Currently, section 17 of UL 1285 is clear and straightforward, requiring strength tests to be done from the actual product being certified (i.e. from "machined specimens from the pipe"). The proposed revision to this section, by contrast, would allow the manufacturer to test not the pipe that bears the UL mark but a completely different product made from the same raw materials.

The strength of PVC pipe varies according to processing methods and processing conditions. PVC pipe covered by UL 1285 is typically processed by extrusion. The proposed change is designed to permit manufacturers to take the raw materials of PVC pipe and process them by compression molding, a process that is completely different from the process for the product they sell, then submit this different product for compliance with the tensile-strength requirement. The use of compression molding as the means of processing conservatively adds 150-200 psi of tensile strength to the sample being tested and may add as much as 500 psi. The effect of the proposed revision would be to permit manufacturers to test a product that varies dramatically from the product they supply and that UL certifies.

The consistent feature of this and related changes requested by the industry is to substantially weaken the reliability and safety of PVC pipe bearing the UL mark. In the aggregate, these modifications can only lead in one direction: an increase in failures in the field that translate into a greater number of injuries -- including potentially fatal injuries -- to those handling the pipe, and great expense to taxpayers to repair or replace pipe that fails prematurely. Because this pipe is buried underground, it is expensive to detect and address PVC pipe failures in the field, which is one reason why customers and municipalities insist on buying product that can last for decades and longer.

The industry proponents of this revision have offered no engineering rationale for the change, and there seems to be no basis in either engineering principles or common sense for testing a product in a form that is dramatically different from the product that will actually be certified. Notably, the revision has been couched in terms impenetrable to consumers, who would never suspect that this also lowers the tensile strength requirement by as much as 500 psi and prescribes testing on a product that bears little relation to what they actually will buy.

The mission of Underwriters Laboratories is to ensure that products complying with its standards, such as UL 1285, have been determined to pose minimal hazards to life and property. [3] To this end, UL Standards for Safety are designed to take into consideration the needs and opinions of a wide variety of interests, including consumers, individuals associated with consumer-oriented organizations, academicians, government officials, industrial and commercial users, inspection authorities, and insurance interests.
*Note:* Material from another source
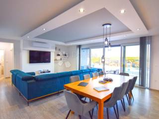 The sanitary fixtures throughout the house are of premium quality, including Geberit toilets and Hansgrohe faucets. Each room is equipped with an Android TV offering a selection of satellite channels. Expansive sliding glass panels, specifically the Planitherm 4S Evolution 4-18-4 brand, grace the villa's windows, allowing ample natural light and providing access to the terrace.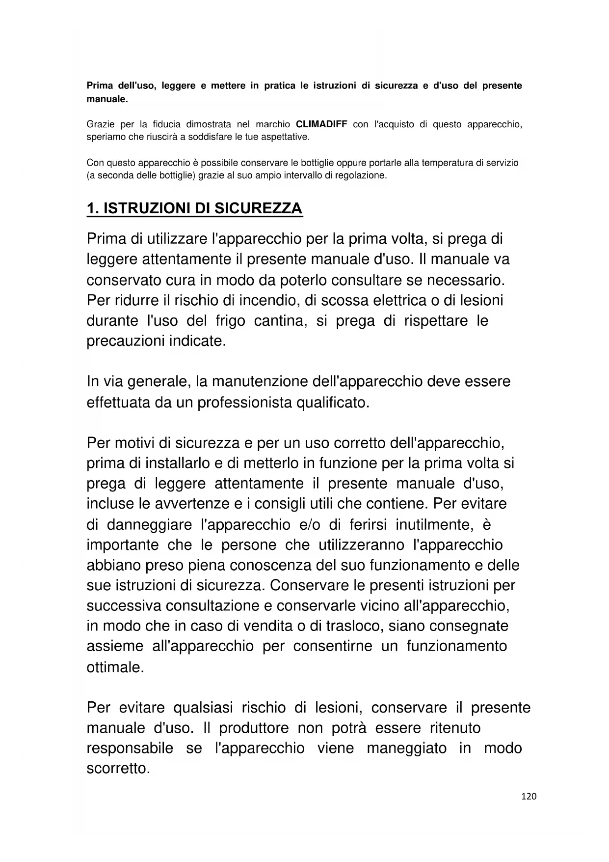 Prima di utilizzare l'apparecchio per la prima volta, si prega di leggere attentamente il presente manuale d'uso. Il manuale va conservato cura in modo da poterlo consultare se necessario. Per ridurre il rischio di incendio, di scossa elettrica o di lesioni durante l'uso del frigo cantina, si prega di rispettare le precauzioni indicate. In via generale, la manutenzione dell'apparecchio deve essere effettuata da un professionista qualificato. Per motivi di sicurezza e per un uso corretto dell'apparecchio, prima di installarlo e di metterlo in funzione per la prima volta si prega di leggere attentamente il presente manuale d'uso, incluse le avvertenze e i consigli utili che contiene. Per evitare di danneggiare l'apparecchio e/o di ferirsi inutilmente, è importante che le persone che utilizzeranno l'apparecchio abbiano preso piena conoscenza del suo funzionamento e delle sue istruzioni di sicurezza. Conservare le presenti istruzioni per successiva consultazione e conservarle vicino all'apparecchio, in modo che in caso di vendita o di trasloco, siano consegnate assieme all'apparecchio per consentirne un funzionamento ottimale. Per evitare qualsiasi rischio di lesioni, conservare il presente manuale d'uso. Il produttore non potrà essere ritenuto responsabile se l'apparecchio viene maneggiato in modo scorretto.121 Questo apparecchio è destinato esclusivamente ad uso domestico ed è previsto per la conservazione di bevande speciali ad una temperatura di conservazione più alta di quella di uno scomparto per prodotti freschi. In nessun caso questo apparecchio è destinato a conservare prodotti freschi. Verificare che la tensione dell'impianto elettrico della casa corrisponda a quella indicata sulla targa informativa: l'apparecchio deve essere collegato ad una presa di terra regolamentare. Riparazioni o collegamenti scorretti possono rappresentare un rischio per la sicurezza. Se si ha il minimo dubbio, far controllare il proprio impianto elettrico da un professionista. Per la tua protezione, questo apparecchio deve essere collegato correttamente ad una presa di terra. Non tagliare né togliere il filo di terra dal cavo di alimentazione fornito. Per motivi di sicurezza, non usare prolunghe. Se l'apparecchio si fosse rovinato (ad esempio per un forte urto) o danneggiato (sovratensione dovuta a fulmine, allagamento, incendio), può essere pericoloso utilizzarlo. Scollegare l'apparecchio dalla presa elettrica e farlo controllare da un riparatore professionista autorizzato. Per evitare pericoli, non sostituire da soli il cavo di alimentazione se rovinato. Contattare il proprio rivenditore, un centro assistenza autorizzato o un riparatore professionista. Questo apparecchio deve essere posizionato in modo che la presa a muro sia raggiungibile. Non spostare l'apparecchio una volta che è stato caricato con i vini perché la scocca potrebbe122 deformarsi, oltre a dover fare delle riparazioni. I componenti elettrici non devono essere a vista. Tenere i bambini lontano dall'apparecchio. Non usare l'apparecchio all'esterno. Se si fosse sparso accidentalmente del liquido (rottura di una bottiglia, ecc.) sui componenti elettrici (motore, ecc.), scollegare immediatamente l'apparecchio dalla presa elettrica. Per evitare il rischio di incendio, di scossa elettrica o di lesioni, non immergere il cavo di alimentazione, la spina o l'apparecchio stesso in acqua o in qualsiasi altro liquido. Non toccare l'apparecchio con le mani bagnate. Collocare l'apparecchio lontano da fonti di calore e non esporlo direttamente alla luce del sole. Non far pendere il cavo di alimentazione da un tavolo e non metterlo a contatto con angoli taglienti o superfici calde. Per scollegare l'apparecchio dalla corrente, non tirare il cavo di alimentazione ma afferrarlo dalla spina. Verificare che la zona dove verrà installato l'apparecchio sia in grado di sostenerne il peso una volta caricato (una bottiglia da 75 cl pesa circa 1,3 kg). Il frigo cantina deve essere collocato su una superficie piana. Se deve essere appoggiato su un tappeto o sulla moquette, infilare sotto un supporto. Per evitare di danneggiare la cerniera della porta, aprirla completamente quando si estraggono i ripiani.123 Sicurezza dei bambini e delle persone vulnerabili Questo apparecchio può essere utilizzato da bambini di età pari e superiore agli 8 anni e da persone con ridotte capacità fisiche, sensoriali o mentali o senza esperienza e conoscenza a patto che vengano sorvegliati o istruiti sull'utilizzo dell'apparecchio in sicurezza e che capiscano i pericoli connessi all'utilizzo dell'apparecchio. La pulizia e la manutenzione non devono essere eseguite da bambini, salvo se di età superiore agli 8 anni e sotto sorveglianza. Conservare il materiale d'imballaggio fuori dalla portata dei bambini. Pericolo di soffocamento. Il rischio che i bambini possano rimanere intrappolati all'interno dell'apparecchio e soffocare non deve essere sottovalutato. Gli apparecchi da gettare o abbandonati rappresentano comunque un pericolo anche se vengono "lasciati in garage solo per qualche giorno". Quando l'apparecchio deve essere gettato via, staccare la spina dalla presa di corrente, tagliare il cavo di alimentazione (il più vicino possibile all'apparecchio) e smontare la porta per evitare che i bambini giocando prendano la scossa o si chiudano dentro l'apparecchio. Se l'apparecchio, dotato di una guarnizione magnetica sulla porta, deve sostituire un altro apparecchio dotato di chiusura a molla sulla porta o sulla cerniera, accertarsi di rendere inutilizzabile la chiusura a molla prima di gettare il vecchio apparecchio. In questo modo si evita che i bambini giocando restino intrappolati dentro l'apparecchio. Tenere l'apparecchio e il suo cavo fuori della portata dei bambini con meno di 8 anni.124 Prima di gettare via il frigo cantina, ricordarsi di smontare la porta. Rimuovere anche i ripiani all'interno dell'apparecchio, in modo che i bambini non possano giocarci o salirci sopra.

UL 1285 is currently clear and workable, particularly in its plain requirement that tensile-strength testing be done on the finished product. Customers who buy PVC pipe with the 1285 mark can rest assured that the pipe itself has been tested. UL should decline to enact the proposal, which lacks any sound engineering basis. If adopted, the revisions would make PVC pipe bearing the UL mark less safe, more likely to fail in the field, and more costly to insure, while introducing ambiguity into a standard that is now clear and effective.

Footnotes

[1] Pamela Gilbert is a partner with Cuneo, Gilbert & LaDuca, LLP, a Washington DC based law firm that specializes in consumer protection law.

[2] "UL 1285 Ed. 4 - Proposal Review - Opened 2007-11-01"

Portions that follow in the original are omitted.